US companies are growing increasingly concerned that the ongoing—and escalating—US/China trade war will ultimately backfire, costing them the AI race.
The Trump administration has moved aggressively to impose tariffs on Chinese goods, as well as expand restrictions on China’s access to American tech, especially advanced semiconductors and GPUs that can be used in AI development.
According to The Economic Times, however, US chipmakers are increasingly worried such actions may ultimately hurt them more than help. In particular, by restricting China’s access to US chips, US companies are effectively locked out of a critical market.
“For the U.S. semiconductor industry, China is gone,” said Handel Jones, an International Business Strategies analyst, told the outlet. Jones predicts that Chinese chips will dominate all parts of the Chinese market by 2030.

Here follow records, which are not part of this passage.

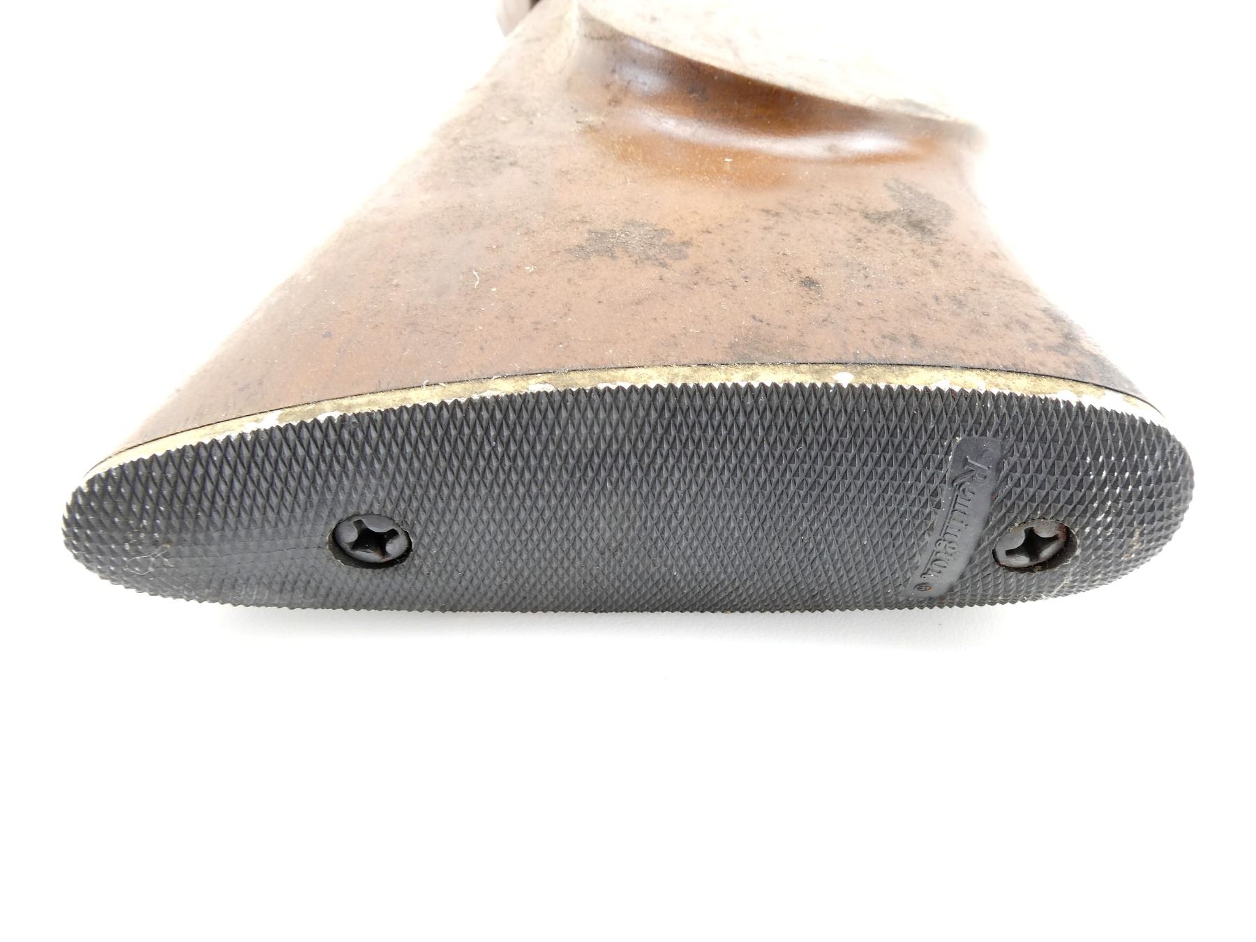 (1) WOODEN STOCK, RIGHT HANDED, CHECKERED, PISTOL GRIP, CHECKERED ALLOY BUTT PLATE, CHEEK REST, BLIND MAG, SHOWS SMALL CHIPS / CRACKS / WEAR, 4" OAL MAG WELL, OAL APPROX. 30.5". MAY REQUIRE FITTING. SEE PHOTOS.
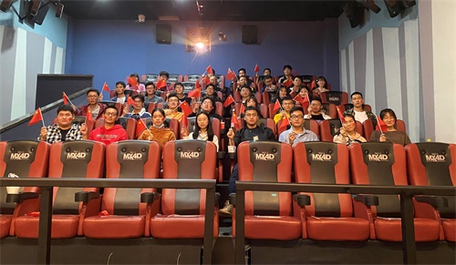 影片放映完毕,全体同志挥舞手中的国旗,高声合唱电影片尾曲《我的祖国》,并进行合影留念。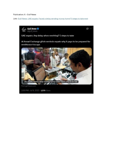 Publication: X – Gulf News Link: Gulf News: UAE expats: Faced a delay sending money home? 5 steps to take next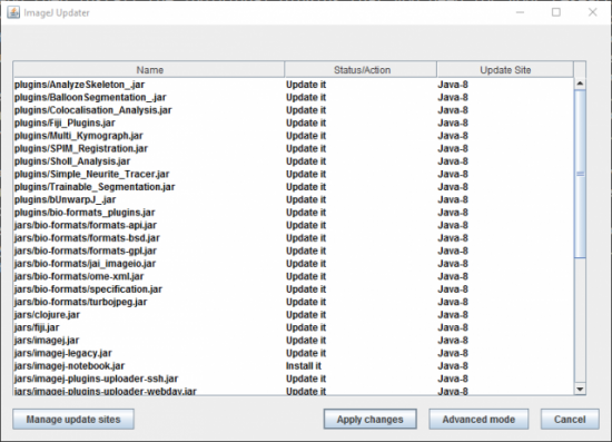 所有已安装的插件都在“插件”菜单项中可选。一旦你安装了很多插件,列表会变得冗杂,所以需要精简你选择的插件。你想手动更新的话,点击“Help”->“Update Fiji” 菜单项强制检测并获取可用更新的列表(图 3)。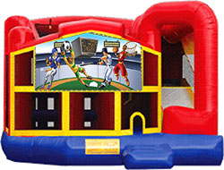 All Sports 5-1 Combination unit featuring slide, basketball hoop, obstacles and climbing.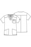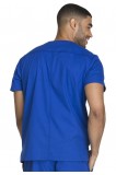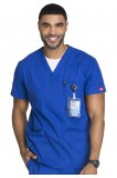 Men’s V-neck top features Dickies logo twill tape at the back neck, a double chest pocket with self strapping and a D-ring. Also featured are patch pockets, a stretchy Galaxy Blue knit interior pocket (White knit pocket on White), a back yoke, a center back seam and side vents. Center back length: 29".

Huawei, in particular, could benefit from US restrictions, helping the company further recover from being blacklisted by the US Commerce department. Once one of the dominant smartphone makers, Huawei was essentially crippled by US sanctions. In the aftermath, the company had to sell off its Honor brand of smartphones.
Huawei has already made significant changes to its business in an effort to work around US sanctions, while simultaneously surprising the industry with its ability to continue creating advanced semiconductors.
As US restrictions continue to limit US companies’ ability to sell to China, Chinese companies will likely turn to Huawei for their semiconductor needs. With the additional investments, Huawei could well have the resources it needs close the technological gap with US and Taiwanese chipmakers.